The prior is by definition whatever it was rational to believe before the acquisition of new evidence (assuming a perfect Bayesian, anyway).
Nope, this isn’t part of the definition of the prior, and I don’t see how it could be. The prior is whatever you actually believe before any evidence comes in.
If you have a procedure to determine which priors are “rational” before looking at the evidence, please share it with us. Some people here believe religiously in maxent, others swear by the universal prior, I personally rather like reference priors, but the Bayesian apparatus doesn’t really give us a means of determining the “best” among those. I wrote about these topics here before. If you want the one-word summary, the area is a mess.
I want to believe that there is some optimal general prior, but it seems much more likely that we do not live in so convenient a world.
But if you can evaluate how good a prior is, then there has to be an optimal one (or several). You have to have something as your prior, and so whichever one is the best out of those you can choose is the one you should have. As for how certain you are that it’s the best, it’s (to some extent) turtles all the way down.
Instead of using “optimal general prior”, I should have said that I was pessimistic about the existence of a standard for evaluating priors (or, more properly, prior probability distributions) that is optimal in all circumstances, if that’s any clearer.
Having thought about the problem some more, though, I think my pessimism may have been premature.

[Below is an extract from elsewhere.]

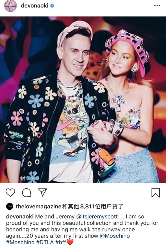 Jeremy Scott甚至在自己同名品牌的20周年庆典上,把自己的经典作品全权交付给Devon Aoki,这是两人友谊的最佳见证。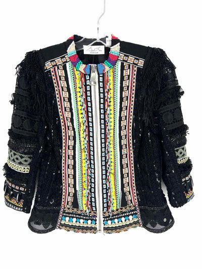 Byron Lars Size 6 Black/Multi Beaded Embroidered Designer Jacket

A prior probability distribution is nothing more than a weighted set of hypotheses. A perfect Bayesian would consider every possible hypothesis, which is impossible unless hypotheses are countable, and they aren’t; the ideal for Bayesian reasoning as I understand it is thus unattainable, but this doesn’t mean that there are benefits to be found in moving toward that ideal.

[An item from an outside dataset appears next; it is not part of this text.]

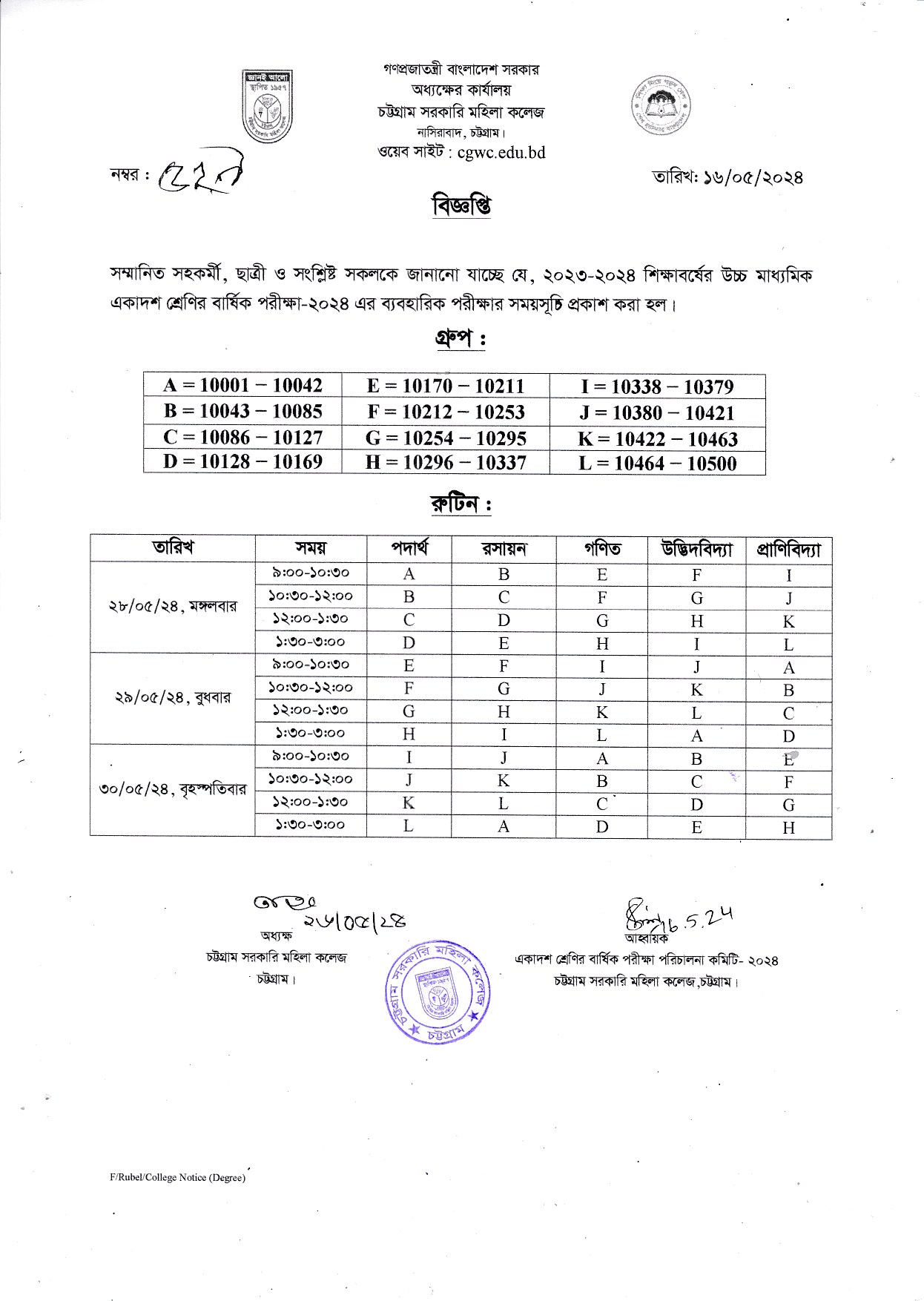 ২০২৩-২০২৪ শিক্ষাবর্ষে একাদশ শ্রেণির বার্ষিক পরীক্ষা-২০২৪ এর ব্যবহারিক পরীক্ষার সময়সূচি প্রকাশ (১৬/০৫/২০২৪)

So, perfect Bayesian or not, we have some set of hypotheses which need to be located before we can consider them and assign them a probabilistic weight. Before we acquire any rational evidence at all, there is necessarily only one factor that we can use to distinguish between hypotheses: how hard they are to locate. If it is also true that hypotheses which are easier to locate make more predictions and that hypotheses which make more predictions are more useful (and while I have not seen proofs of these propositions I’m inclined to suspect that they exist), then we are perfectly justified in assigning a probability to a hypothesis based on it’s locate-ability.
This reduces the problem of prior probability evaluation to the problem of locate-ability evaluation, to which it seems maxent and its fellows are proposed answers. It’s again possible there is no objectively best way to evaluate locate-ability, but I don’t yet see a reason for this to be so.

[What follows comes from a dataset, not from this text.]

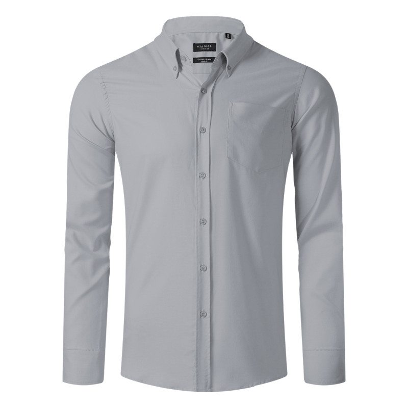 Men's shirt, slim fit, pocket on the left side of chest, tone-to-tone seven buttons placket, three buttons on cuffs, two buttons on collar, spare buttons, easy care finish

Again, if I’ve mis-thought or failed to justify a step in my reasoning, please call me on it.
If it is also true that hypotheses which are easier to locate make more predictions
This doesn’t sound right to me. Imagine you’re tossing a coin repeatedly. Hypothesis 1 says the coin is fair. Hypothesis 2 says the coin repeats the sequence HTTTHHTHTHTTTT over and over in a loop. The second hypothesis is harder to locate, but makes a stronger prediction.
The proper formalization for your concept of locate-ability is the Solomonoff prior. Unfortunately we can’t do inference based on it because it’s uncomputable.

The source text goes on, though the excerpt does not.